Retinoic acid-inducible gene I (RIG-I) like receptors (RLRs) are a family of DExD/H box RNA helicases, including RIG-I, melanoma differentiation-associated protein 5 (MDA5), and laboratory of genetics and physiology 2 (LGP2) (Loo and Gale, 2011; Yoneyama and Fujita, 2009). During viral infection, RIG-I and MDA5 can sense viral double-stranded RNA (dsRNA) and interact with mitochondrial antiviral signaling protein (MAVS) via the caspase activation and recruitment domain (CARD), thereby eliciting the production of type I interferons (IFN1) through pathways mediated by interferon regulatory factor 3 (IRF3) and IRF7 (Schweibenz et al., 2022; Seth et al., 2005; Thoresen et al., 2021). IFN1 binds to its receptor (IFNAR) and induces downstream signaling, resulting in the expression of a variety of interferon-stimulated genes (ISGs) to facilitate pathogen clearance (Brisse and Ly, 2019). While viruses are well known to be inducers of varied RLR cascades, only three intracellular bacteria, i.e., Listeria monocytogenes, Mycobacterium tuberculosis, and Salmonella enterica serovar Typhimurium, have been reported to activate the RLR signaling (Abdullah et al., 2012; Bullen et al., 2023; Hagmann et al., 2013; Schmolke et al., 2014). Furthermore, the immunological consequences and signaling processes of RLR activation during bacterial infection are largely unclear.

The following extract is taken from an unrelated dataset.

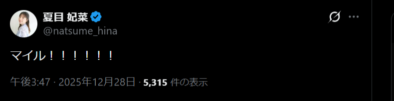 | … | 41無念Nameとしあき25/12/28(日)16:04:23No.1376163705+>だからマイル禁止だっつってんだろ |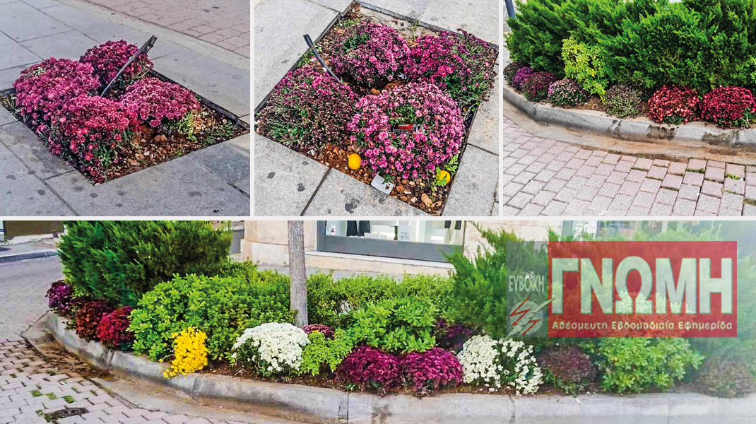 Η εικόνα στο παρτέρι της διασταύρωσης των οδών Συγγρού και Μπαλαλαίων, όταν μπαίνουν τα χρυσάνθεμα, είναι ειδυλλιακή (φωτό 3). Λίγες μέρες μετά, όμως, έχουν καταστραφεί όλα (φωτό 4).

Necroptosis is an inflammatory form of programmed cell death (PCD) executed by the pore-forming protein mixed lineage kinase domain-like (MLKL). MLKL exists as an inactive protein that can be activated by receptor-interacting protein kinase (RIPK) 3, which phosphorylates MLKL at the C-terminal region, the hallmark of necroptosis (He et al., 2016; Linkermann and Green, 2014). The phosphorylated MLKL forms oligomers, which translocate to the plasma membrane and form channels in the membrane, leading to membrane rupture and the release of cytoplasmic contents, including damage-associated molecular patterns (DAMPs) (Humphries et al., 2015; Seo et al., 2021; Sethi et al., 2022). Necroptosis is known to be triggered by bacterial pathogens, but no reports on bacteria-induced connection between necroptosis and the RLR pathways have been documented.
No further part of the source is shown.